*Exercise instructions*: Excluding pictures, what does the listing below contain from the line with "ПРЕЗИДЕНТ РОССИЙСКОЙ ФЕДЕРАЦИИ" up to and including the line with "دمرت مستشفى الشفاء", word for word?

*Recorded data*:
———
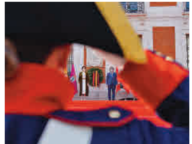
Uno de los momentos del homenaje

A continuación, la Dirección de Acuartelamiento del Ejército interpretó 'La Muerte no es el final' mientras la corona era trasladada hasta situarse delante de la placa conmemorativa a los Héroes del 2 de Mayo. Al finalizar, Ayuso y el alcalde de Madrid colocaron la corona de laurel en la placa a los Héroes del Dos de Mayo.
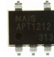
APT1212A Panasonic Electric Works OPTOISOLATOR 5KV TRIAC 6SMD
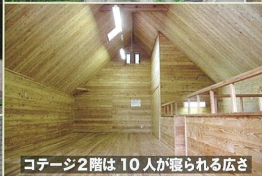
コテージ2階は10人が寝られる広さ
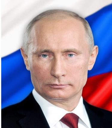
ПРЕЗИДЕНТ РОССИЙСКОЙ ФЕДЕРАЦИИ ПУТИН ВЛАДИМИР ВЛАДИМИРОВИЧ
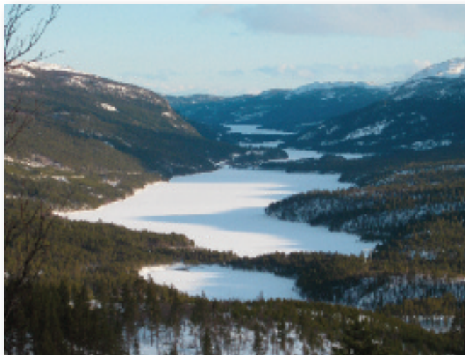
Espedalens søer på rad og række
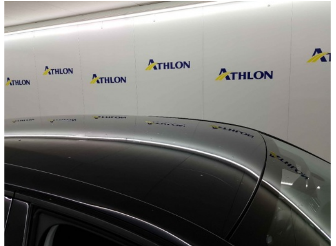
3. Dak 40x20mm
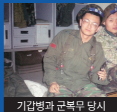
기갑병과 군복무 당시

평화로운 일상의 시작, 국군 장병 여러분의 헌신 덕분입니다. 고맙습니다.
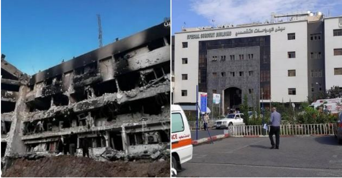
(مجمع الشفاء قبل وبعد العدوان)

تواصل عدوانها.. "إسرائيل" دمرت مستشفى الشفاء وقتلت المئات بينهم فريق إغاثي غربي:
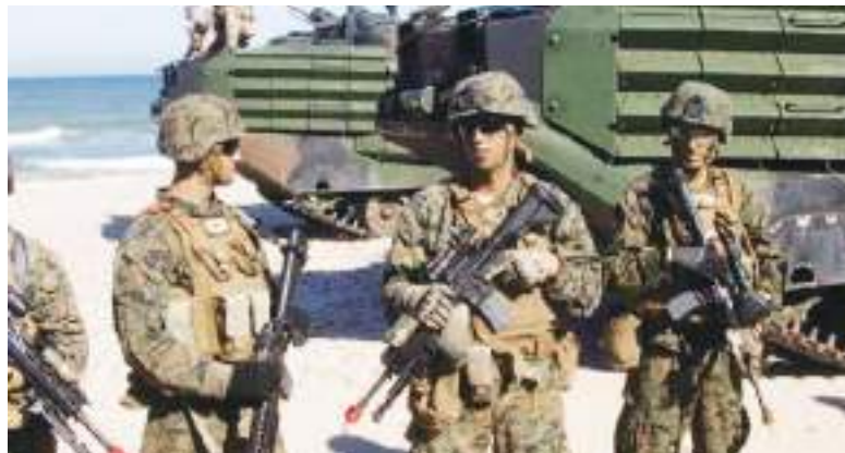
Comando Sur de los EE.UU. lleva a cabo operaciones conjuntas con Ecuador.

Lobos y Los Choneros— como «organizaciones terroristas extranjeras». Días después, funcionarios de ambos países difundieron un video en el que se observaba a las fuerzas ecuatorianas realizando ataques aéreos contra una estructura situada en una zona boscosa, cerca de un río.
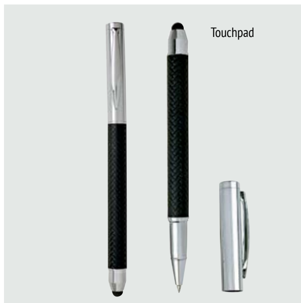
BOL 520 Bolígrafo Bernini
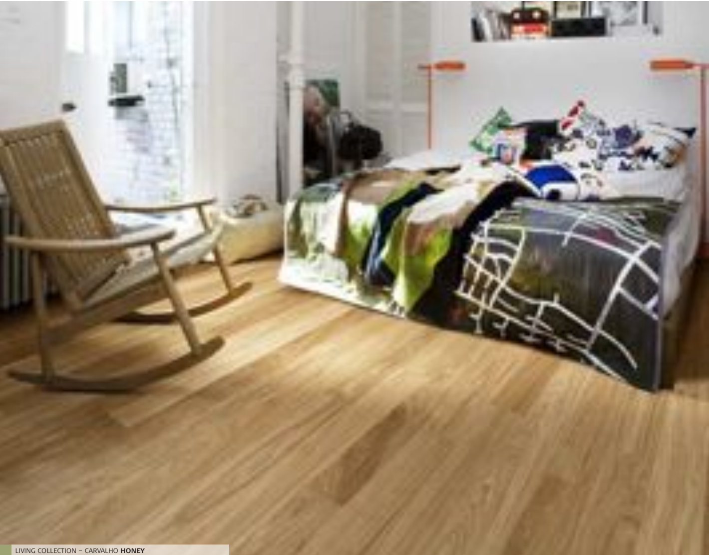
LIVING COLLECTION – CARVALHO HONEY

Clássica, porém moderna, a Linnea Living apresenta uma coleção de pavimentos de 1 lamela. São todos envernizados, alguns em verniz acetinado mate para um acabamento liso e outros com verniz mate para obterem um aspecto mais suave. Além disso, alguns pavimentos são igualmente escovados e micro-biselados. Nesta coleção irá também encontrar os nossos primeiros pavimentos Linnea com certificação FSC.
———
*Solution to the exercise*:
ПРЕЗИДЕНТ РОССИЙСКОЙ ФЕДЕРАЦИИ ПУТИН ВЛАДИМИР ВЛАДИМИРОВИЧ
Espedalens søer på rad og række
3. Dak 40x20mm
기갑병과 군복무 당시

평화로운 일상의 시작, 국군 장병 여러분의 헌신 덕분입니다. 고맙습니다.
(مجمع الشفاء قبل وبعد العدوان)

تواصل عدوانها.. "إسرائيل" دمرت مستشفى الشفاء وقتلت المئات بينهم فريق إغاثي غربي:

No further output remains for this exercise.